Experts-Exchange is a great place to come for help with solutions for your database issues, and many problems are resolved within minutes of being posted. Others take a little more time and effort and often providing a sample database is very helpful in getting your questions answered.
Posting samples however, comes with responsibility and risks. Your employer and clients have entrusted you
with their databases and their data, and it is up to you to use care and respect when sharing applications with others.
So what kind of data is safe to share?
As a rule, you should never, ever
post Personally Identifiable Information (PII). In a nutshell, this is any information that can be used by itself or in conjunction with other collected data to identify or locate another person. This article lists specific types of information that fall into this category, and discusses the potential hazards of sharing it:
Conversely, a database of recipes may (*
see note) be okay to share, as it does not compromise sensitive information about other people.
In addition to PII, you should take into account whether your database contains:
- Classified information (enough said)
- Proprietary or competition sensitive information
- Anything else your employer or clients do not want shared
Also keep in mind that it is not just data in your tables that can be sensitive. Care should also be taken with code, designs, variable and object names, etc that may contain names, projects, work details or anything else that singly or combined compromise too much information.
If there is any grey area or doubt, ask your employers or clients before posting.

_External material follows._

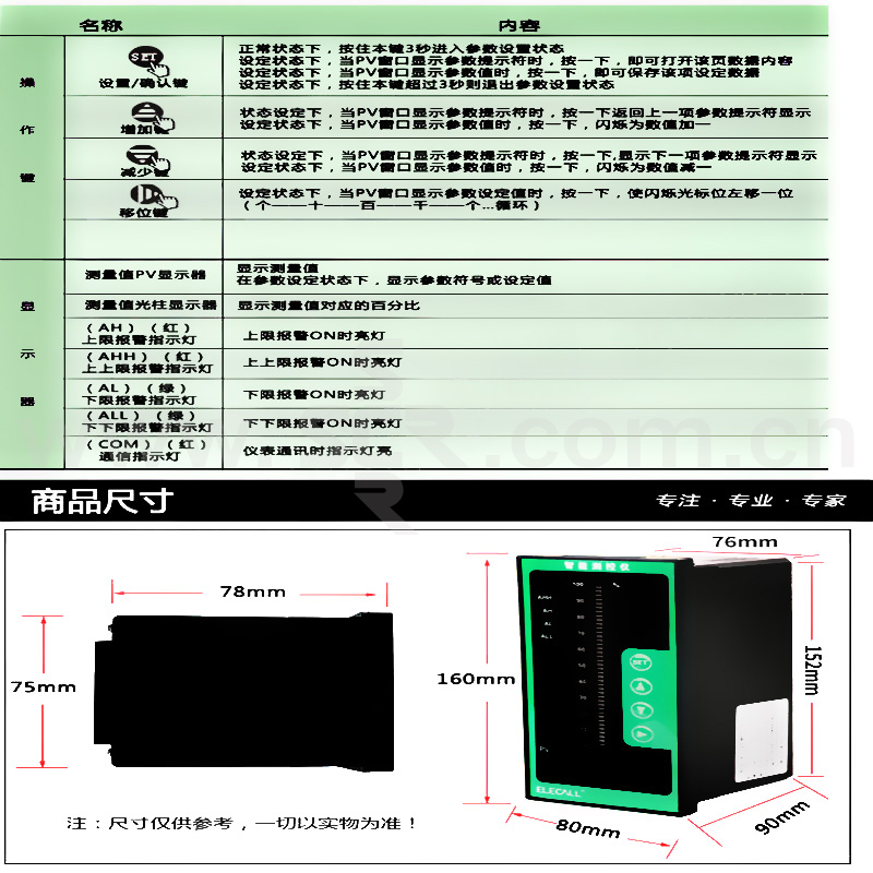 ELECALL/伊莱科 变送器配套光柱表 EHT-S803 S803-01-15-HL-P 上下限 1台

While some data may seem harmless, if you are building a database for anyone other than yourself, it would be prudent to ask whether it can be shared (the database you are working on is ultimately someone else’s property).
Although many people recognize that the databases they are trusted with contain sensitive information, with the pressure to get problems resolved quickly, there are still common mistakes that are made.
Assuming that questions posted here are private to the EE community
While the activity on EE questions is limited to Members, anything posted here can be found by anyone with an internet connection.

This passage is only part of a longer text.